Visualizing The Most Important Relationships of 2009-2019 Through The Eyes of TV News

Having had Google's Cloud Natural Language API non-consumptively read through the transcripts of a decade of television news from the Internet Archive's Television News Archive and catalog all of the people, organizations, locations, events, publications, dates and other entities it saw, how might we use this data to visualize the most important connections of the past decade, as seen through television news? It turns out that with a single SQL query in BigQuery and Gephi we can visualize the relationships that defined the past decade.

All Stations

Looking across CNN, MSNBC, Fox News and the evening news broadcasts of ABC, CBS and NBC 2009-2019 and BBC News 2017-2019, what are the top 1,500 most commonly co-occurring pairs of entities? Here we define co-occurrence as the pair of names appearing in the same one-minute window and limit entities to those Google has assigned a unique identifier (MID code) to.

The final graph can be seen below.

Constructing this graph required just a single query, modified from the original by Felipe Hoffa:

SELECT Source, Target, Count RawCount, "Undirected" Type, ( Count/SUM(Count) OVER () ) Weight FROM (
SELECT a.entity Source, b.entity Target, COUNT(*) as Count
FROM (
 (SELECT date, entities.name entity FROM `gdelt-bq.gdeltv2.geg_iatv`, unnest(entities) entities where entities.mid is not null)
) a
JOIN (
 (SELECT date, entities.name entity FROM `gdelt-bq.gdeltv2.geg_iatv`, unnest(entities) entities where entities.mid is not null)
) b
ON a.date=b.date
WHERE a.entity<b.entity
GROUP BY 1,2
ORDER BY 3 DESC
LIMIT 1500
)
order by Count Desc

What if we expanded the co-occurrence window to one hour? The result is below:

 

Using BigQuery's built-in timestamp truncation operator TIMESTAMP_TRUNC(), this is a cinch:

SELECT Source, Target, Count RawCount, "Undirected" Type, ( Count/SUM(Count) OVER () ) Weight FROM (
SELECT a.entity Source, b.entity Target, COUNT(*) as Count
FROM (
 (SELECT TIMESTAMP_TRUNC(date, HOUR) date, entities.name entity FROM `gdelt-bq.gdeltv2.geg_iatv`, unnest(entities) entities where entities.mid is not null)
) a
JOIN (
 (SELECT TIMESTAMP_TRUNC(date, HOUR) date, entities.name entity FROM `gdelt-bq.gdeltv2.geg_iatv`, unnest(entities) entities where entities.mid is not null)
) b
ON a.date=b.date
WHERE a.entity<b.entity
GROUP BY 1,2
ORDER BY 3 DESC
LIMIT 1500
)
order by Count Desc

CNN

 

What if we narrow our gaze just to those relationships captured through CNN's reporting of the past decade? Here once again we use a co-occurrence time interval of one minute to ensure maximum relatedness.
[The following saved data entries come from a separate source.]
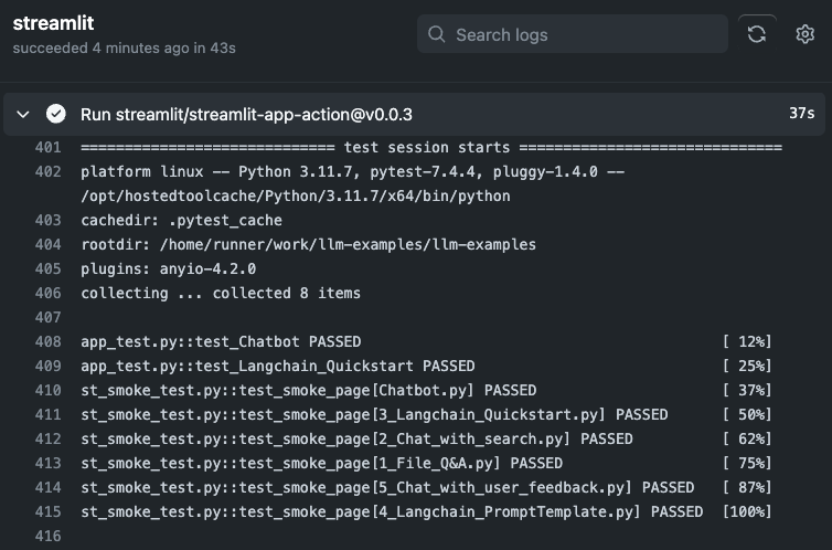 As a final working example example, take a look at our streamlit/llm-examples Actions, defined in this workflow file.
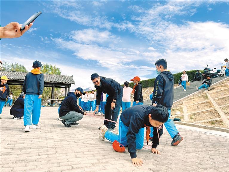 圖為拉薩市第一小學(xué)學(xué)生們在老師的帶領(lǐng)下開展戶外活動。
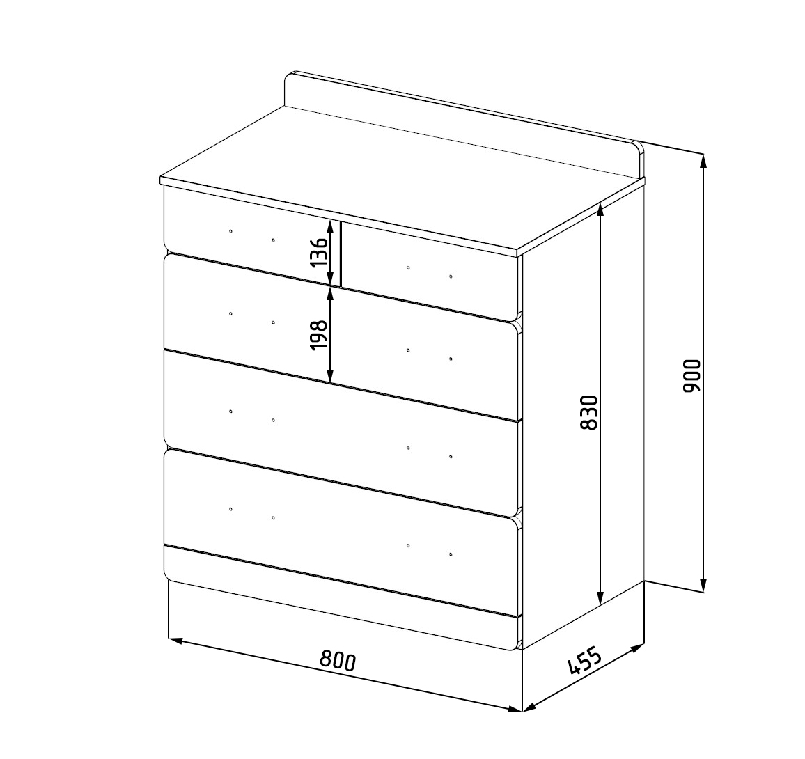 Габариты: ширина 804 х глубина 480 х высота 900 мм

As before, the only change to our query was adding a station filter:

SELECT Source, Target, Count RawCount, "Undirected" Type, ( Count/SUM(Count) OVER () ) Weight FROM (
SELECT a.entity Source, b.entity Target, COUNT(*) as Count
FROM (
 (SELECT date, entities.name entity FROM `gdelt-bq.gdeltv2.geg_iatv`, unnest(entities) entities where entities.mid is not null and Station='CNN')
) a
JOIN (
 (SELECT date, entities.name entity FROM `gdelt-bq.gdeltv2.geg_iatv`, unnest(entities) entities where entities.mid is not null and Station='CNN')
) b
ON a.date=b.date
WHERE a.entity<b.entity
GROUP BY 1,2
ORDER BY 3 DESC
LIMIT 1500
)
order by Count Desc

MSNBC

 

Here is the graph for MSNBC, using the same query:

Fox News

And the same for Fox News:

KGO (ABC)

What about the evening news broadcasts of ABC over the past decade? Here there is a much greater emphasis on the network's personalities.

KPIX (CBS)

And similarly for CBS evening news:

KNTV (NBC)

And for NBC:

BBC News

Finally, BBC News offers a very different take on the most important relationships of the past 3 years, offering a reminder of just how geographically focused the news is.

Once again, the power of Cloud Natural Language API and BigQuery, with open source Gephi creating the visualizations, offers an incredibly powerful lens through which to explore the patterns of global society.